The Studio Style family grows with the return of the Santa Fe blade and new Fastback 2 options, adding toe-flow and long-design choices.
Gear: Scotty Cameron Studio Style Santa Fe, Fastback 2, Fastback 2 Long Design
Price: $499 (Santa Fe, Fastback 2), $549 (Fastback 2 Long Design)
Specs: Milled 303 stainless steel heads with Studio Carbon Steel face insert, chain-link face milling pattern, aluminum chassis, adjustable sole weights. Loft 3.5 degrees, lie 70 degrees.
Available: Feb. 12 (in stores)
Who it’s for: Golfers who like the look and feedback of classic Scotty Cameron shapes but want more precise toe-flow options, softer sound at impact and, in the case of the Long Design, added stability to quiet the hands.
What you should know: The Studio Style family, re-established in 2025, is expanding with three familiar-but-refined models. Santa Fe brings a high toe-flow blade back into the retail lineup, while Fastback 2 and Fastback 2 Long Design add a plumbing-neck option and a counterbalanced build to the mid-mallet side of the family.
The Deep Dive: When Scotty Cameron brought the Studio Style name back in 2025, it marked a subtle shift in how his retail putters approached feel. On Tour, where price is not a factor, Cameron often uses German Stainless Steel (GSS), but that material is too expensive to use in retail putters. However, carbon steel inserts, once also the domain of Tour-only builds and early-2000s experiments, could work. Cameron opted for the added a chain-link milling pattern designed to soften sound without muting feedback. The result was a new line that felt distinctly different from fully milled stainless steel Camerons, while still looking unmistakably classic.
For 2026, a line extension builds directly on that foundation, and the Studio Style Santa Fe will be the headliner for traditionalists. Long a cult favorite, the rounded Newport-style blade returns with a flow neck that promotes maximum toe flow and face awareness. Paired with the Studio Carbon Steel insert, the Studio Style Santa Fe blends an old-school silhouette with the softer acoustics that defined the original Studio Style relaunch.
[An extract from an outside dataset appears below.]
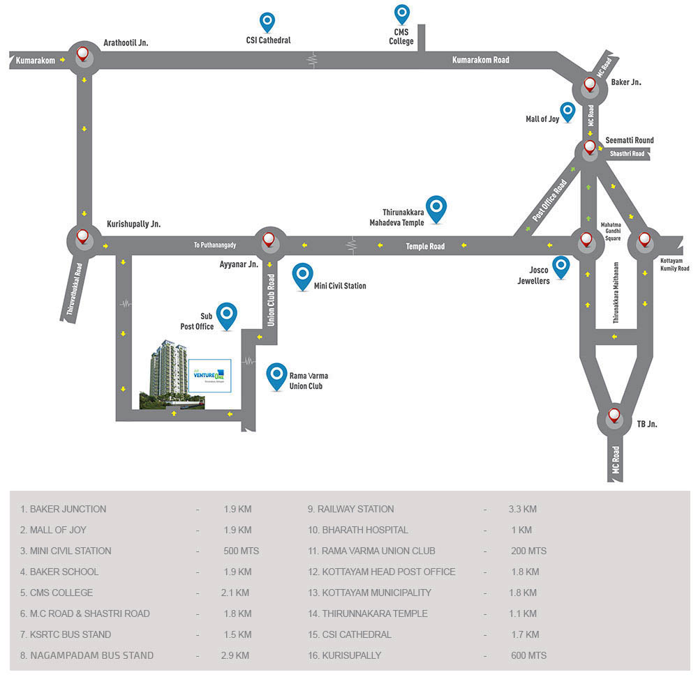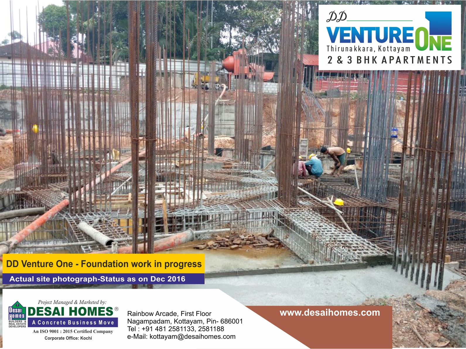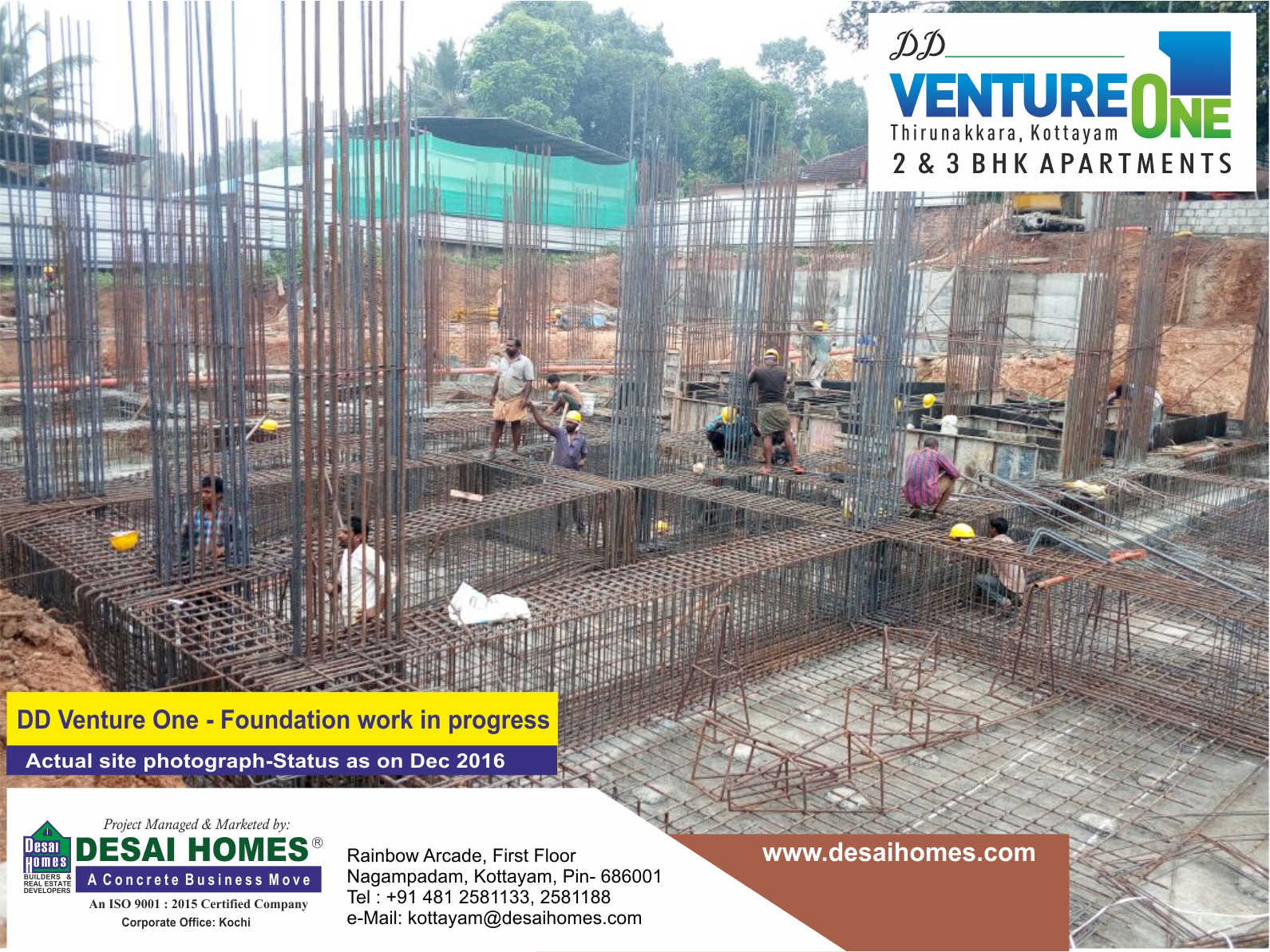 DD Venture One, the first among a host of projects coming up from Desai Homes in Kottayam is strategically located at Thirunakkara, very much in the heart of the bustling town. The multi-storied project offers luxury apartments in Kottayam comprising an array of both 2 & 3 BHK apartment types. Standing tall amidst the crowd, its beauty is embraced by surrounding atmosphere. The unique location with proximity to Schools, Hospitals, Shopping Malls, Head Post Office, the Mini Civil Station, Municipality, Union Club, places of worship surrounds the area with divine ambiance as well. All these are what makes DD Venture One, such an enviable address to own. It is no wonder that the project has received widespread recognition with its principal location, serene ambiance, efficient space management and impeccable craftsmanship. DD Venture One is spruced up with all the amenities that befit luxurious city living. Our apartment floorings are paved with fully vitrified tiles of superior quality. Provided facilities for swimming pools, which assure you the relaxing and chilling experience in between the hectic life. Like all DD projects, Venture One inherits the true legacy of Desai Homes building expertise and methodology in its soul. The legacy that was built on dedication, perseverance and trust across three decades. In addition to that, it utilizes the benefits of in-house construction and scale of operation to ensure our customers get the benefit of highly competitive pricing. Luxurious yet light on your pockets. DD Venture One, Kottayam is not just an address but aLANDMARK.Come fulfill your desire to own a prime dwelling in the heart of Kottayam.

On the mid-mallet side, the Studio Style Fastback 2 answers a different request. By pairing the compact Fastback head with a plumbing neck (in Scotty-speak, a 2 indicates a plumber’s neck), Cameron created a version with moderate toe flow that will feel more familiar to players coming from Newport-style blades. The black anodized aluminum heel-toe inlay isn’t cosmetic; it allows weight to be pushed outward, boosting stability while also creating a high-contrast alignment frame at address.
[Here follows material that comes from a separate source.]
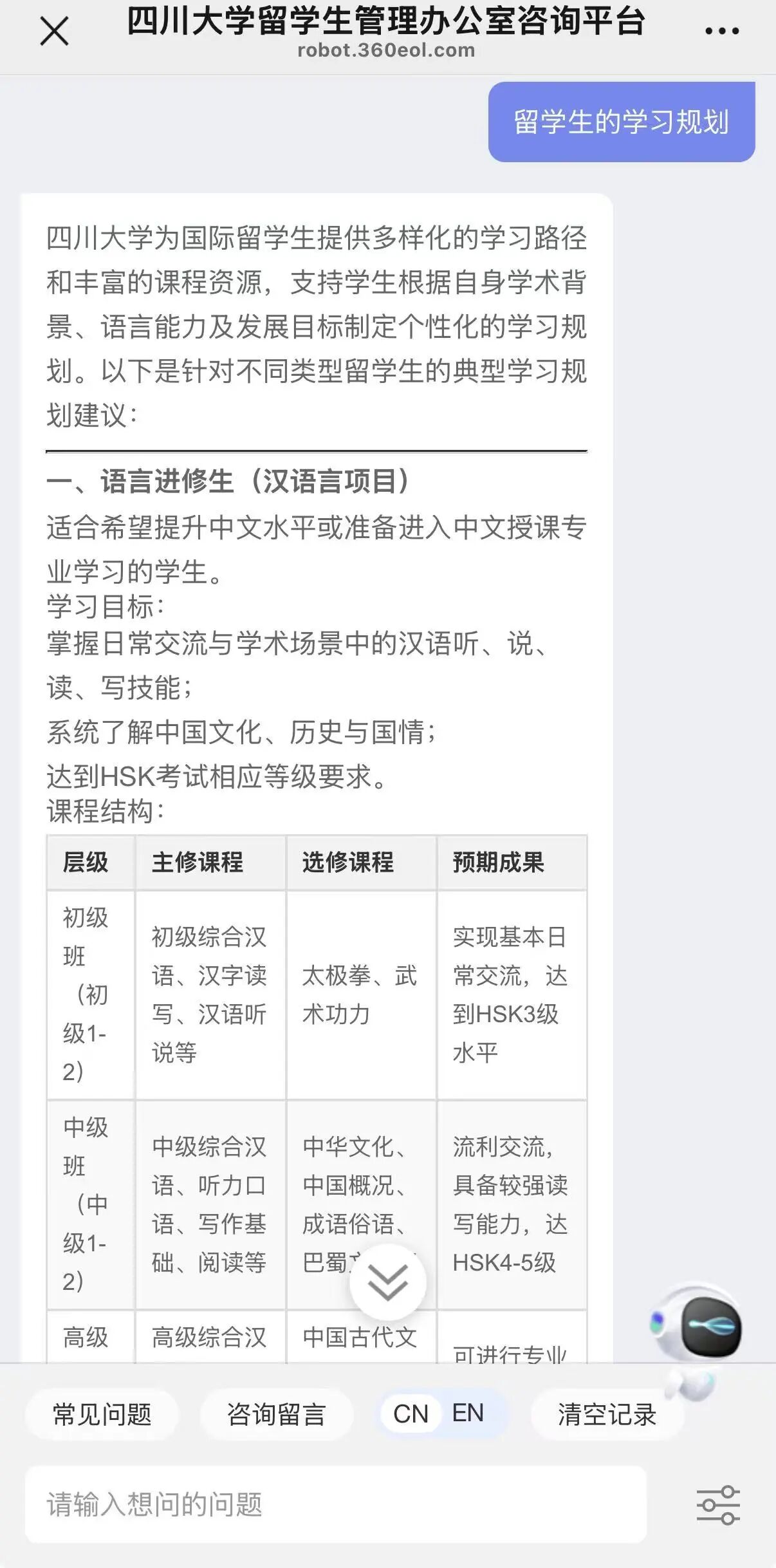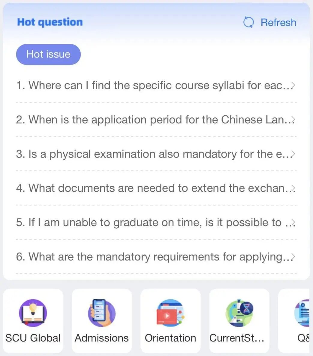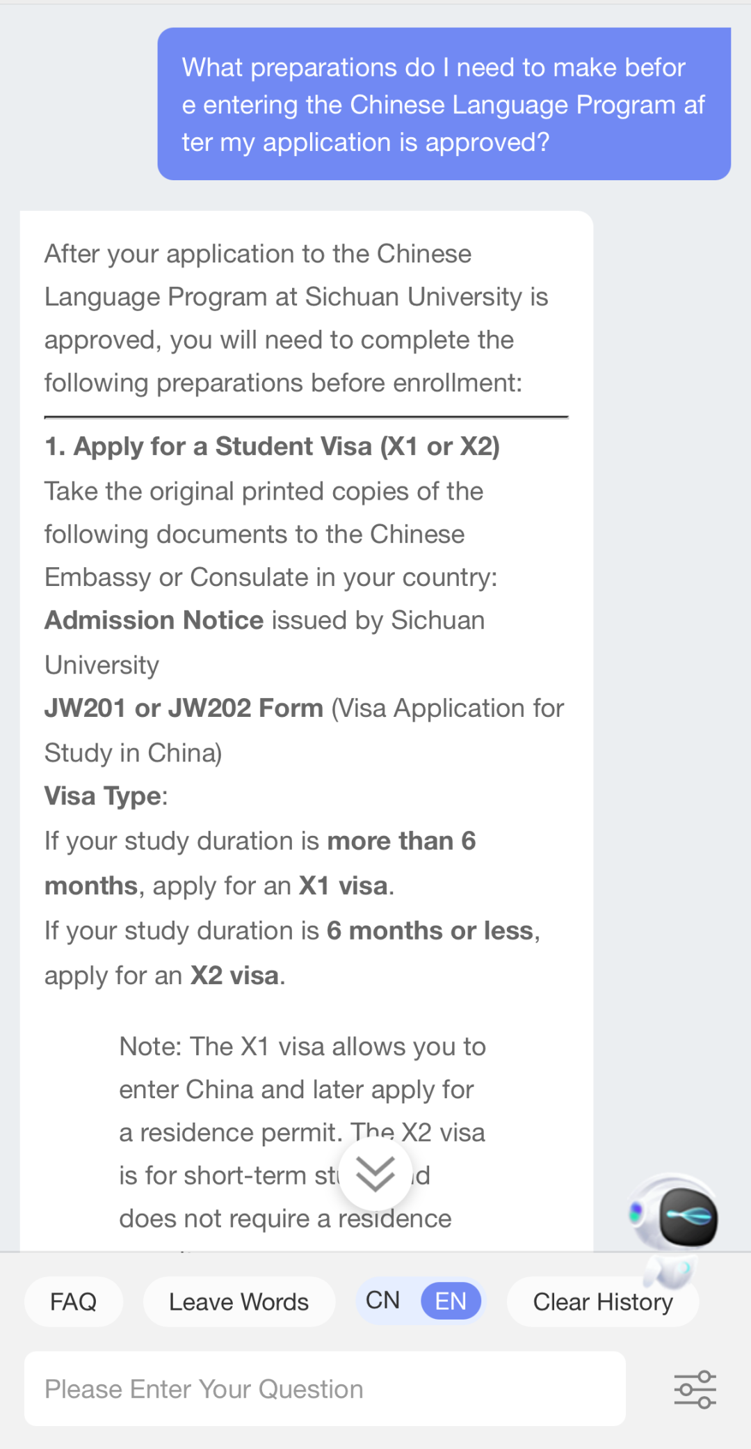 Authoritative and Timely Information: All responses are based on the latest official policies and information released by the Sichuan University International Student Office, ensuring the information you obtain is authentic, reliable, and up-to-date.

The Studio Style Fastback 2 Long Design takes that same head and stretches the concept further. Built at 38 inches with a heavier head, 25-gram tungsten sole weights, a stiffer shaft and a 17-inch non-tapered grip, it’s designed for golfers who want to smooth out their stroke and reduce excessive hand action. Long Design putters aren’t for everyone, but for players who like a counterbalanced feel, this version adds another legitimate option to the Studio Style lineup.
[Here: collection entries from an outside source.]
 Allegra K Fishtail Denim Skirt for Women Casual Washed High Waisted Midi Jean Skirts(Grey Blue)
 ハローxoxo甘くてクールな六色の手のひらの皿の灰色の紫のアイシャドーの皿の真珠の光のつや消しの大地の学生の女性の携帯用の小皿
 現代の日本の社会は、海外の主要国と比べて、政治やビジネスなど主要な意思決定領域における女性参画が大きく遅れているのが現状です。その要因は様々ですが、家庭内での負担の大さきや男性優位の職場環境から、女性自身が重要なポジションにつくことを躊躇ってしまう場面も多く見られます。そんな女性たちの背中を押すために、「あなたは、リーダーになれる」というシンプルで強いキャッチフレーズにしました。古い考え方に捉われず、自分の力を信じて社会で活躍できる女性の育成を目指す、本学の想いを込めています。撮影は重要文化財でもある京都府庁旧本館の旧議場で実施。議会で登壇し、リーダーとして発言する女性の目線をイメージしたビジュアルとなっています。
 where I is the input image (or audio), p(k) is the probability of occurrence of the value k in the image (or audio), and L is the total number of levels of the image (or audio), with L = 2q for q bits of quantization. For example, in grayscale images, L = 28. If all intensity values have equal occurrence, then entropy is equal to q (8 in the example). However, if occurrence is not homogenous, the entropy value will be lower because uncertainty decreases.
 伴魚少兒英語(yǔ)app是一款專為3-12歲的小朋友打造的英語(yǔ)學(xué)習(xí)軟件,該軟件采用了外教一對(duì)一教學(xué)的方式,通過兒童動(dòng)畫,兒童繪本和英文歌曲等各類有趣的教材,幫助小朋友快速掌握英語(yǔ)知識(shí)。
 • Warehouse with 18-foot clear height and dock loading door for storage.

Collectively, the Santa Fe, Fastback 2 and Fastback 2 Long Design don’t reinvent the Studio Style family. And they weren’t meant too. Instead, they round it out, filling in toe-flow gaps and stroke-type preferences that naturally emerge once consumers and fitters start spending time with a family of putters. If the original 2025 release was about reintroducing feel, this extension is about helping golfers find their fit.